As of this writing, this is all undocumented
I’m super interested in this feature, so that won’t deter me too much. There have been a number of questions since Availability Groups became a thing about how to automate adding new databases. All of the solutions were kind of awkward scripts to backup, restore, join, blah blah blah. This feature aims to make that a thing of the past.
There’s also not a ton of information about how this works, the option hasn’t made it to the GUI, and there may still be some kinks to work out. Some interesting information I’ve come across has been limited to this SAP on SQL blog post, and a Connect item by the Smartest Guy At SanDisk, Jimmy May.
The SAP on SQL Server blog post says that this feature uses the same method as Azure databases to create replicas; opening a direct data link, and Jimmy’s Connect item points to it being a backup and restore behind the scenes. The Extended Events sessions point to it being a backup and restore, so let’s look at those first.
Bring out your XML!
We’re going to need two sessions, because there are two sets of collectors, and it doesn’t make sense to lump them into one XE session.
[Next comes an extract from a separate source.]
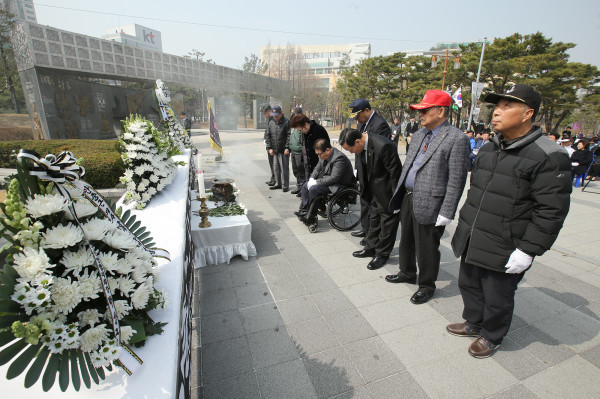 경기 부천시는 26일 '안중근 의사 순국 108주기 추모식'을 부천 안중근공원에서 진행했다. 광복회 부천시지회에서 주관한 추모식에는 유관기관 단체장 및 시민 등 200여명이 참석했다. 사진은 참석자들이 안중근 의사를 추모하는 모습. (사진제공=부천시청)

If you look in the GUI, there’s a new category called dbseed, and of course, everything is in the super cool kid debug channel.
![New Extended Event Smell]()
New Extended Event Smell
Quick setup scripts are below.
CREATE EVENT SESSION [DirectSeed] ON SERVER
ADD EVENT sqlserver.hadr_ar_controller_debug(
ACTION(sqlserver.database_id,sqlserver.sql_text,sqlserver.tsql_stack)),
ADD EVENT sqlserver.hadr_automatic_seeding_failure(
ACTION(sqlserver.database_id,sqlserver.sql_text,sqlserver.tsql_stack)),
ADD EVENT sqlserver.hadr_automatic_seeding_start(
ACTION(sqlserver.database_id,sqlserver.sql_text,sqlserver.tsql_stack)),
ADD EVENT sqlserver.hadr_automatic_seeding_state_transition(
ACTION(sqlserver.database_id,sqlserver.sql_text,sqlserver.tsql_stack)),
ADD EVENT sqlserver.hadr_automatic_seeding_success(
ACTION(sqlserver.database_id,sqlserver.sql_text,sqlserver.tsql_stack)),
ADD EVENT sqlserver.hadr_automatic_seeding_timeout(
ACTION(sqlserver.database_id,sqlserver.sql_text,sqlserver.tsql_stack))
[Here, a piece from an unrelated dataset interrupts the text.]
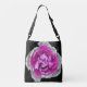 This image is a digital watercolor pink and white flower on a black background on a Crossbody Bag.

ADD TARGET package0.event_file(SET filename=N'C:\XE\DirectSeed.xel',max_rollover_files=(10))
GO
CREATE EVENT SESSION [PhysicalSeed] ON SERVER
ADD EVENT sqlserver.hadr_physical_seeding_backup_state_change(
ACTION(sqlserver.database_id,sqlserver.sql_text,sqlserver.tsql_stack)),
ADD EVENT sqlserver.hadr_physical_seeding_failure(
ACTION(sqlserver.database_id,sqlserver.sql_text,sqlserver.tsql_stack)),
ADD EVENT sqlserver.hadr_physical_seeding_forwarder_state_change(
ACTION(sqlserver.database_id,sqlserver.sql_text,sqlserver.tsql_stack)),
ADD EVENT sqlserver.hadr_physical_seeding_forwarder_target_state_change(
ACTION(sqlserver.database_id,sqlserver.sql_text,sqlserver.tsql_stack)),
ADD EVENT sqlserver.hadr_physical_seeding_progress(
ACTION(sqlserver.database_id,sqlserver.sql_text,sqlserver.tsql_stack)),
ADD EVENT sqlserver.hadr_physical_seeding_restore_state_change(
ACTION(sqlserver.database_id,sqlserver.sql_text,sqlserver.tsql_stack)),
ADD EVENT sqlserver.hadr_physical_seeding_schedule_long_task_failure(
ACTION(sqlserver.database_id,sqlserver.sql_text,sqlserver.tsql_stack)),
ADD EVENT sqlserver.hadr_physical_seeding_submit_callback(
ACTION(sqlserver.database_id,sqlserver.sql_text,sqlserver.tsql_stack))
ADD TARGET package0.event_file(SET filename=N'C:\XE\PhysicalSeed',max_rollover_files=(10))
GO
ALTER EVENT SESSION [DirectSeed] ON SERVER STATE = START
ALTER EVENT SESSION [PhysicalSeed] ON SERVER STATE = START
Since this is so new
I haven’t quite narrowed down which are important and which yield pertinent information yet. Right now I’m grabbing everything. In a prelude to DBA days, I’m adding the StackOverflow database. With some session data flowing in, let’s figure out what we’re looking at. XML shredding fun is up next.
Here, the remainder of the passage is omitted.